Three routines are available for manipulating stacks of
start conditions:
@table @samp
@item void yy_push_state(int new_state)
pushes the current start condition onto the top of
the start condition stack and switches to @var{new_state}
as though you had used @samp{BEGIN new_state} (recall that
start condition names are also integers).
@item void yy_pop_state()
pops the top of the stack and switches to it via
@code{BEGIN}.
@item int yy_top_state()
returns the top of the stack without altering the
stack's contents.
@end table
The start condition stack grows dynamically and so has no
built-in size limitation. If memory is exhausted, program
execution aborts.
To use start condition stacks, your scanner must include a
@samp{%option stack} directive (see Options below).
@node Multiple buffers, End-of-file rules, Start conditions, Top
@section Multiple input buffers
Some scanners (such as those which support "include"
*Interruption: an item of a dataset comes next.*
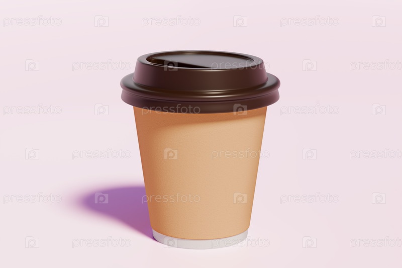 Высококачественная 3D-рендеринг одноразового стаканчика для кофе из крафт-бумаги на вынос с коричневой крышкой на пастельно-розовом фоне. Макет продукта для вашего дизайна. Для дизайна упаковки, маркетинга, брендинга, кофейной культуры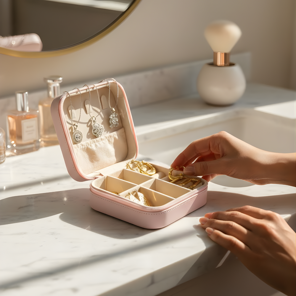 Anti-Tarnish Earring & Pendant Combo Set with Travel Jewelry Organizer

files) require reading from several input streams. As
@code{flex} scanners do a large amount of buffering, one cannot
control where the next input will be read from by simply
writing a @code{YY_INPUT} which is sensitive to the scanning
context. @code{YY_INPUT} is only called when the scanner reaches
the end of its buffer, which may be a long time after
scanning a statement such as an "include" which requires
switching the input source.
To negotiate these sorts of problems, @code{flex} provides a
mechanism for creating and switching between multiple
input buffers. An input buffer is created by using:
@example
YY_BUFFER_STATE yy_create_buffer( FILE *file, int size )
@end example
@noindent
which takes a @code{FILE} pointer and a size and creates a buffer
associated with the given file and large enough to hold
@var{size} characters (when in doubt, use @code{YY_BUF_SIZE} for the
size). It returns a @code{YY_BUFFER_STATE} handle, which may
then be passed to other routines (see below). The
@code{YY_BUFFER_STATE} type is a pointer to an opaque @code{struct}
@code{yy_buffer_state} structure, so you may safely initialize
YY_BUFFER_STATE variables to @samp{((YY_BUFFER_STATE) 0)} if you
wish, and also refer to the opaque structure in order to
correctly declare input buffers in source files other than
that of your scanner. Note that the @code{FILE} pointer in the
call to @code{yy_create_buffer} is only used as the value of @code{yyin}
seen by @code{YY_INPUT}; if you redefine @code{YY_INPUT} so it no longer
uses @code{yyin}, then you can safely pass a nil @code{FILE} pointer to
@code{yy_create_buffer}. You select a particular buffer to scan
from using:
@example
void yy_switch_to_buffer( YY_BUFFER_STATE new_buffer )
@end example
switches the scanner's input buffer so subsequent tokens
will come from @var{new_buffer}. Note that
@samp{yy_switch_to_buffer()} may be used by @samp{yywrap()} to set
things up for continued scanning, instead of opening a new
file and pointing @code{yyin} at it. Note also that switching
input sources via either @samp{yy_switch_to_buffer()} or @samp{yywrap()}
does @emph{not} change the start condition.
@example
void yy_delete_buffer( YY_BUFFER_STATE buffer )
@end example
@noindent
is used to reclaim the storage associated with a buffer.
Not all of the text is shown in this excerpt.